# Historical photos



## Stephan Brock (May 31, 2020)

Hi friends
I decided to try to recreate some shots from the Great Depression period. It seems to me that it will be very interesting.
Help with the idea of how to implement it. Also interested in information about this historical period to better understand. how to play a photo.
I will create everything with 5D MK III and 70-200 f / 2.8L.


----------



## YuengLinger (May 31, 2020)

Will this project give you insights to take better photos of the Greater Depression we have created for ourselves? It is starting all around us.

But, besides reading books written at the time of the Great Depression, and news articles, and finding amateur images where you can on the web (or by asking a curator at your local history museum), you can watch many movies made in the early 1930's. The earlier the better for direct, contemporary references, both sober and humorous, to the trying times Americans lived through. And there are some great PBS documentaries.
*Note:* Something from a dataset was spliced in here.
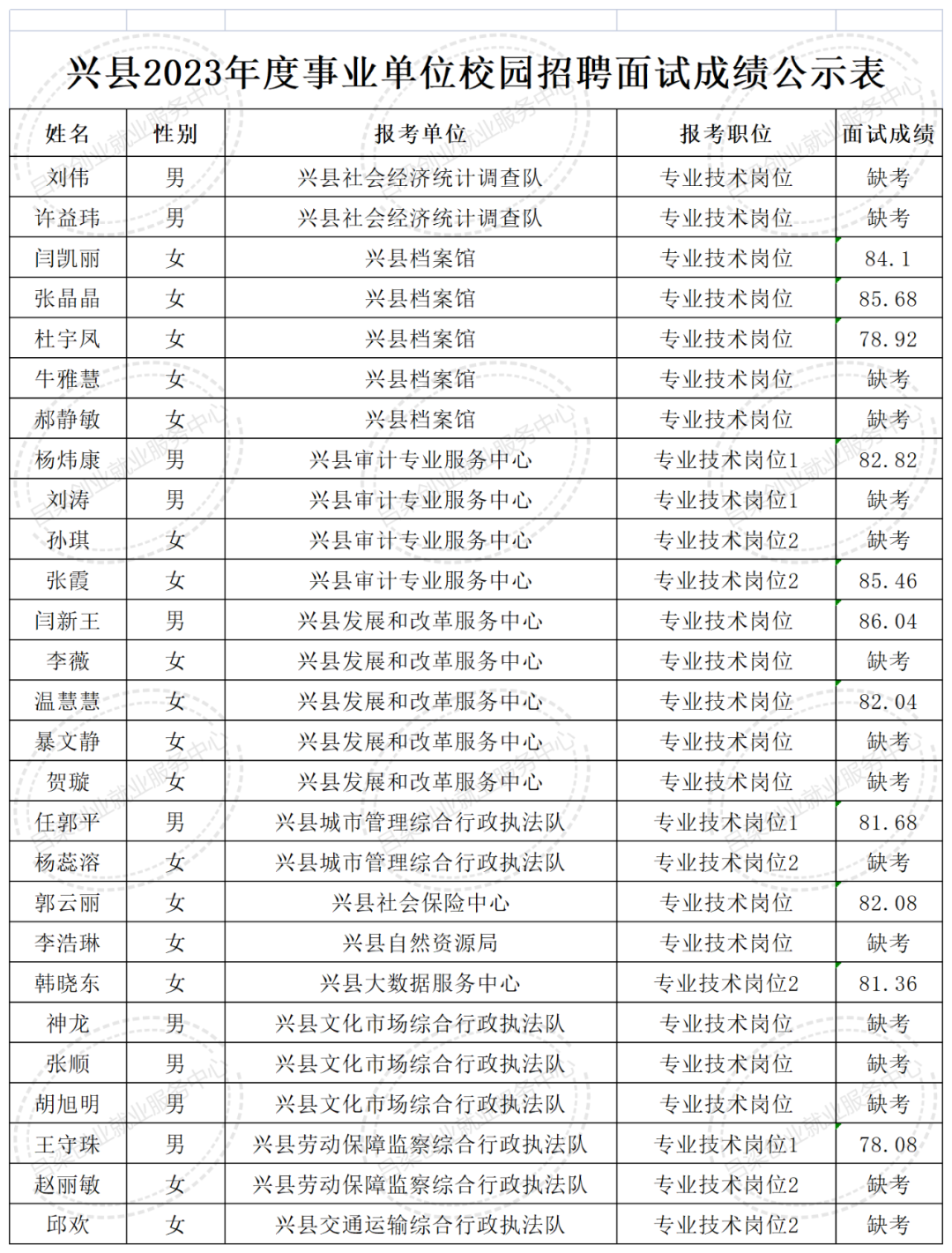 详见附件1《兴县2023年度事业单位校园招聘面试成绩公示表》。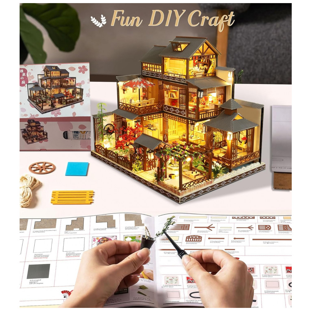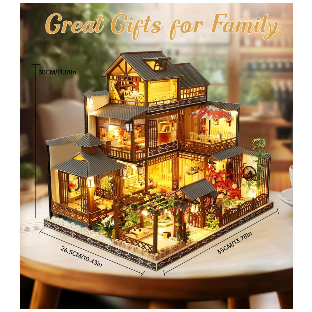 Casa em Miniatura Realista Japonesa com Móveis de Madeira para Adultos e Adolescentes Escala 124 SPILAY

While learning to recreate a look can teach us many things about capture and post-processing, finding fresh perspectives right now might be even more rewarding. Many more people are going to face homelessness than ever before, and this time it won't be only those who have made bad life choices. A large number of kids are going to be living with parents in cheap hotels, tiny apartments, and their cars. Families will be sharing space with other families like never before. City parks and other facilities will go without care, so there is that aspect too. Expect to see decay of commercial properties on a huge scale. 

But watch out! As local governments go without revenue, police and rescue will be reduced to skeleton crews. Thieves will know that. (And there is another topic for courageous citizen journalists!)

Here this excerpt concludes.